#### Goal of the exercise:
Could you write out exactly, and only, the lines from the one containing "Bañera cambiador para" through the last line of the data, leaving out all pictures?

#### Information supplied:
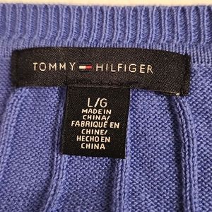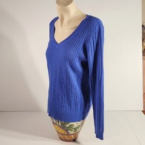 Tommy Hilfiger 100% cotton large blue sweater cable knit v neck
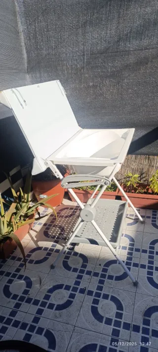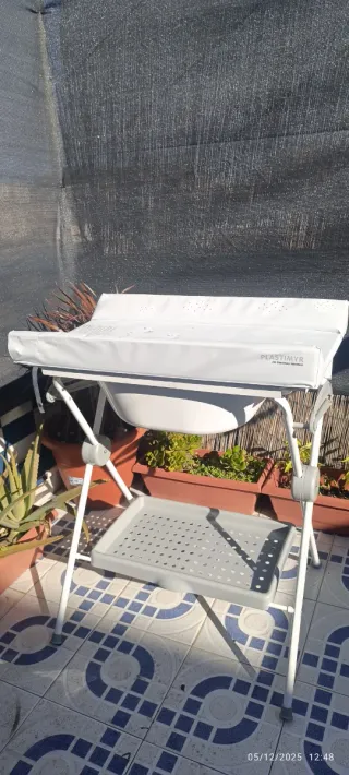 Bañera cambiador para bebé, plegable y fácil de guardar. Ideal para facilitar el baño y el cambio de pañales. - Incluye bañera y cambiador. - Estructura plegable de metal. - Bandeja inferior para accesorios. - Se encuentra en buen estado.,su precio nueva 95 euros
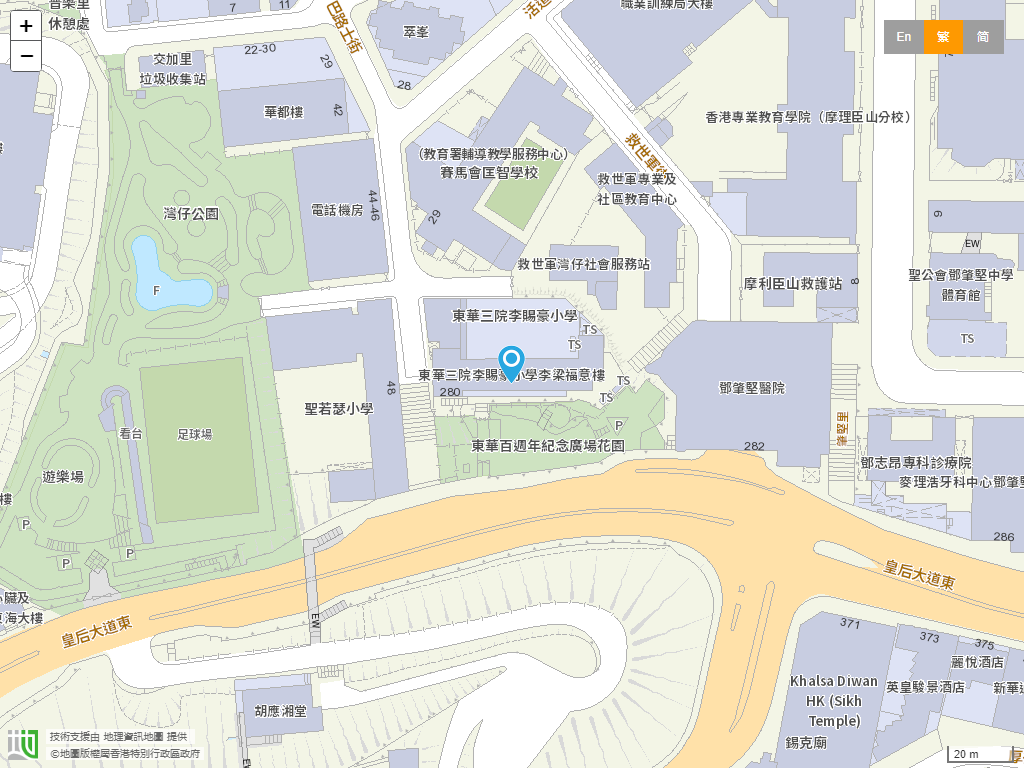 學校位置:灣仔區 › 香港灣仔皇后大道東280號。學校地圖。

#### Answer section:
 Bañera cambiador para bebé, plegable y fácil de guardar. Ideal para facilitar el baño y el cambio de pañales. - Incluye bañera y cambiador. - Estructura plegable de metal. - Bandeja inferior para accesorios. - Se encuentra en buen estado.,su precio nueva 95 euros
 學校位置:灣仔區 › 香港灣仔皇后大道東280號。學校地圖。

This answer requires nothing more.